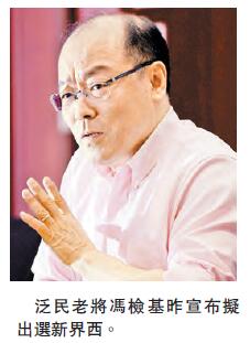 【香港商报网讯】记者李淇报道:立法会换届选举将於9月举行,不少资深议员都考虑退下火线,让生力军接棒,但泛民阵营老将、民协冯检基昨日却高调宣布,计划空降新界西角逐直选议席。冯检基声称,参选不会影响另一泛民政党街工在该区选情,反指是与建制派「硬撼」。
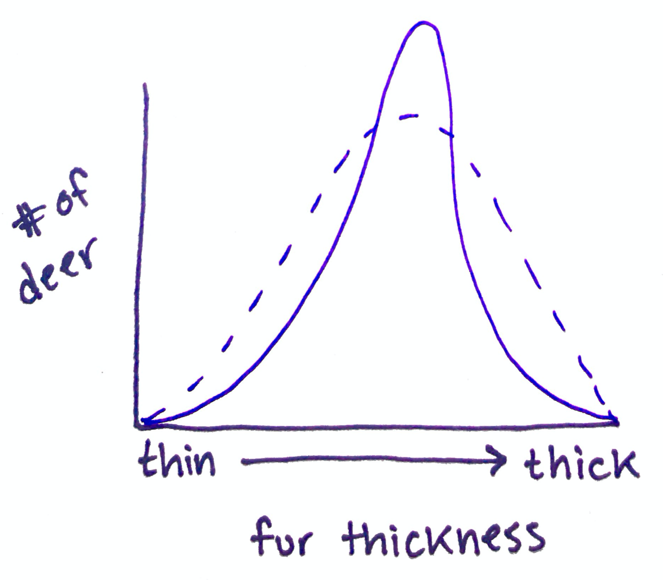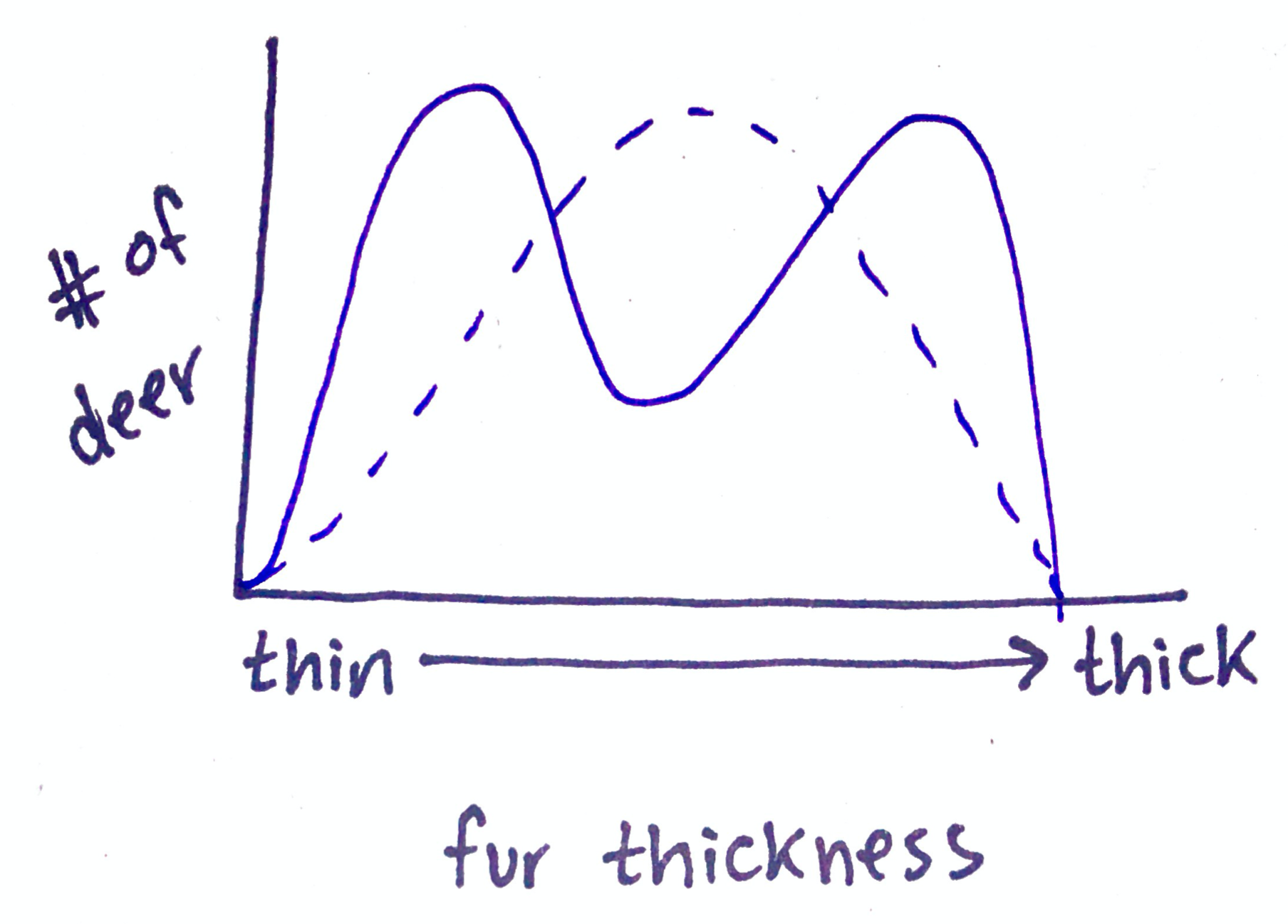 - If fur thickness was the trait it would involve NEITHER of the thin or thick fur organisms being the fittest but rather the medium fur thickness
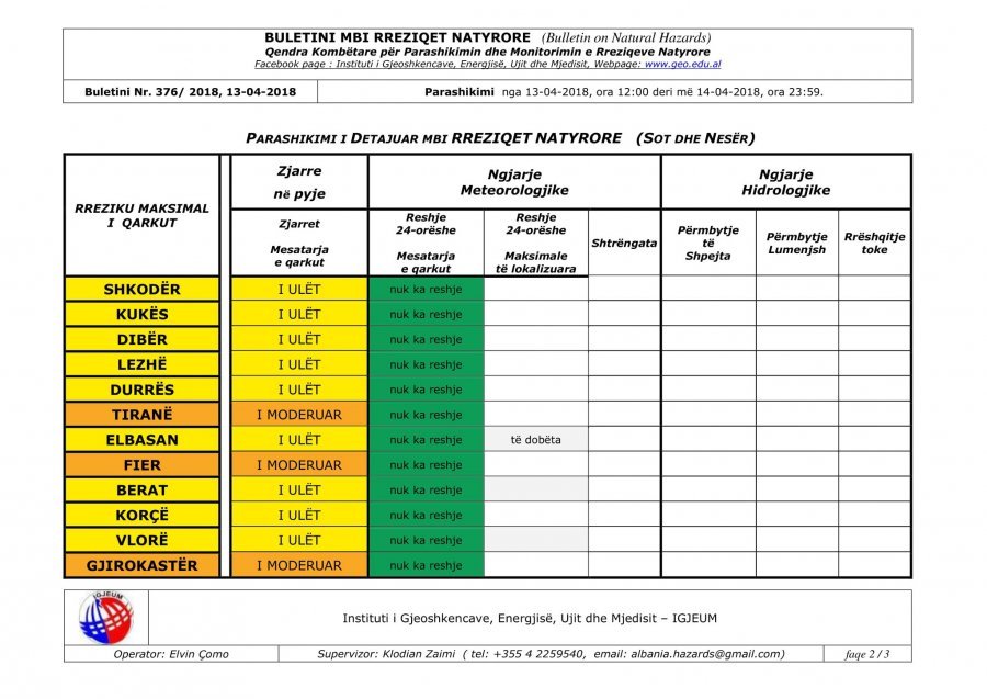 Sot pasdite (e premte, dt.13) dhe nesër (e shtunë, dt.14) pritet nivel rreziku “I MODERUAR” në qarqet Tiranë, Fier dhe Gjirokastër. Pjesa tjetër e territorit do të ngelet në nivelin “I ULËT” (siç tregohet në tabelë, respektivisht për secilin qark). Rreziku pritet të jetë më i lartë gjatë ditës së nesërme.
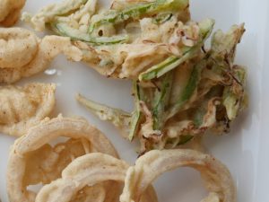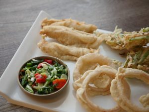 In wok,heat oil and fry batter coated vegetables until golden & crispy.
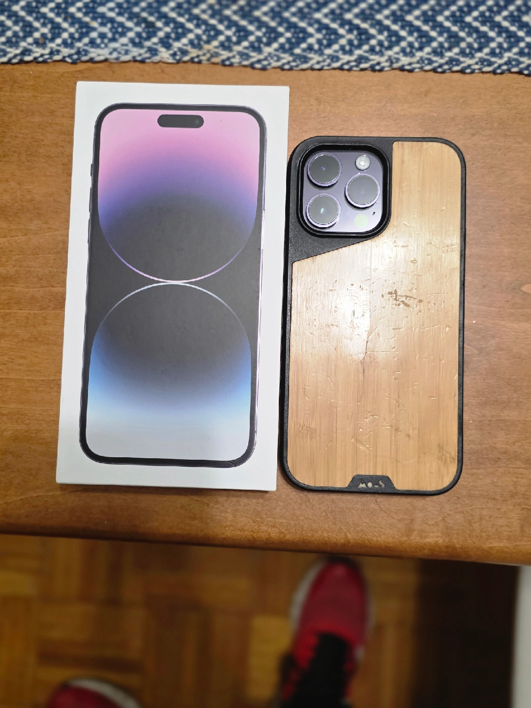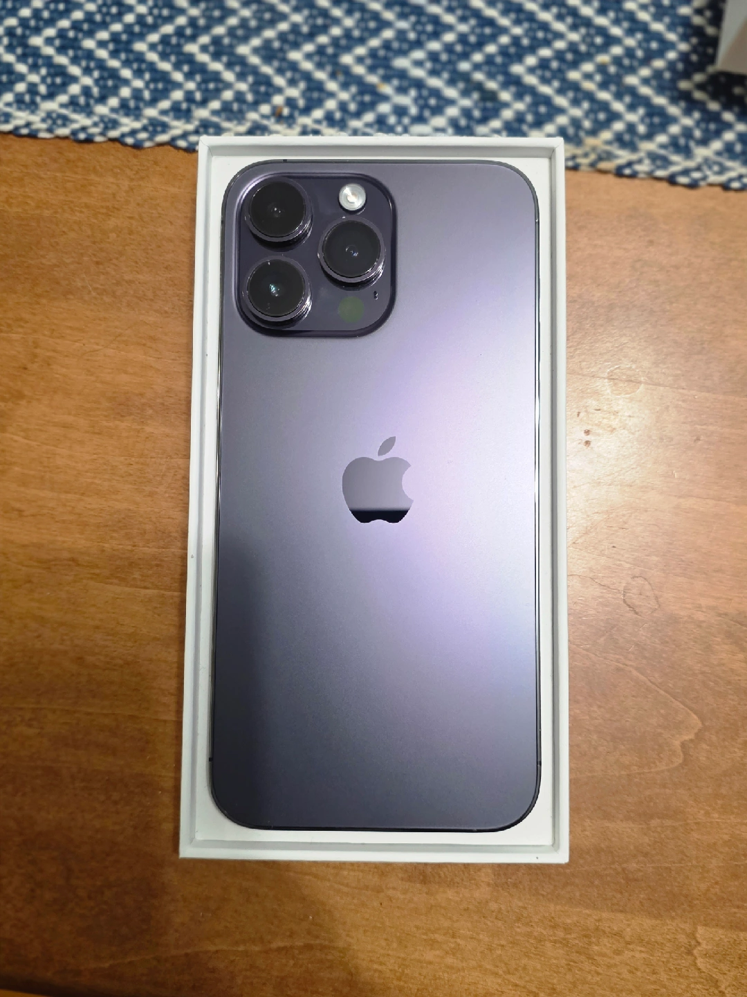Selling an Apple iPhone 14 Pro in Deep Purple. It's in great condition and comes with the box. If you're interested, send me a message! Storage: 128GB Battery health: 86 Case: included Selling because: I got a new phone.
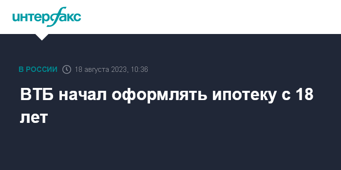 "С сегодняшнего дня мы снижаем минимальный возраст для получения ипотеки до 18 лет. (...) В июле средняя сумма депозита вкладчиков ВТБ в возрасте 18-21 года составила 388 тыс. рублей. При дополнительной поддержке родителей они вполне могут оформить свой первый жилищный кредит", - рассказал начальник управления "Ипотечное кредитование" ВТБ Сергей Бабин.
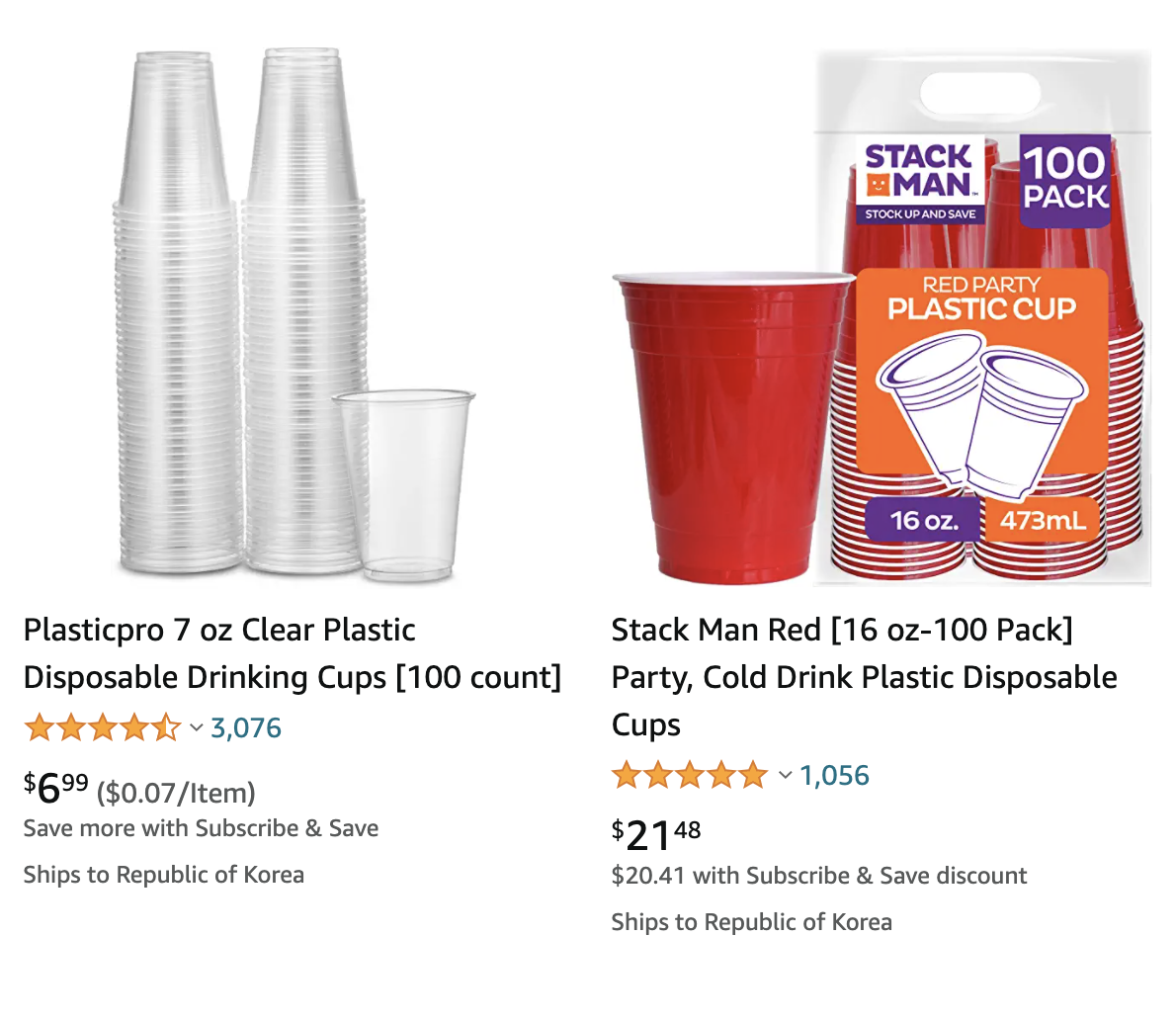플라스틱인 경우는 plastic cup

+++

*TO DO*
Set down the material above as is, without any pictures.

*SOLUTION TO THIS EXERCISE*
 【香港商报网讯】记者李淇报道:立法会换届选举将於9月举行,不少资深议员都考虑退下火线,让生力军接棒,但泛民阵营老将、民协冯检基昨日却高调宣布,计划空降新界西角逐直选议席。冯检基声称,参选不会影响另一泛民政党街工在该区选情,反指是与建制派「硬撼」。
 - If fur thickness was the trait it would involve NEITHER of the thin or thick fur organisms being the fittest but rather the medium fur thickness
 Sot pasdite (e premte, dt.13) dhe nesër (e shtunë, dt.14) pritet nivel rreziku “I MODERUAR” në qarqet Tiranë, Fier dhe Gjirokastër. Pjesa tjetër e territorit do të ngelet në nivelin “I ULËT” (siç tregohet në tabelë, respektivisht për secilin qark). Rreziku pritet të jetë më i lartë gjatë ditës së nesërme.
 In wok,heat oil and fry batter coated vegetables until golden & crispy.
Selling an Apple iPhone 14 Pro in Deep Purple. It's in great condition and comes with the box. If you're interested, send me a message! Storage: 128GB Battery health: 86 Case: included Selling because: I got a new phone.
 "С сегодняшнего дня мы снижаем минимальный возраст для получения ипотеки до 18 лет. (...) В июле средняя сумма депозита вкладчиков ВТБ в возрасте 18-21 года составила 388 тыс. рублей. При дополнительной поддержке родителей они вполне могут оформить свой первый жилищный кредит", - рассказал начальник управления "Ипотечное кредитование" ВТБ Сергей Бабин.
플라스틱인 경우는 plastic cup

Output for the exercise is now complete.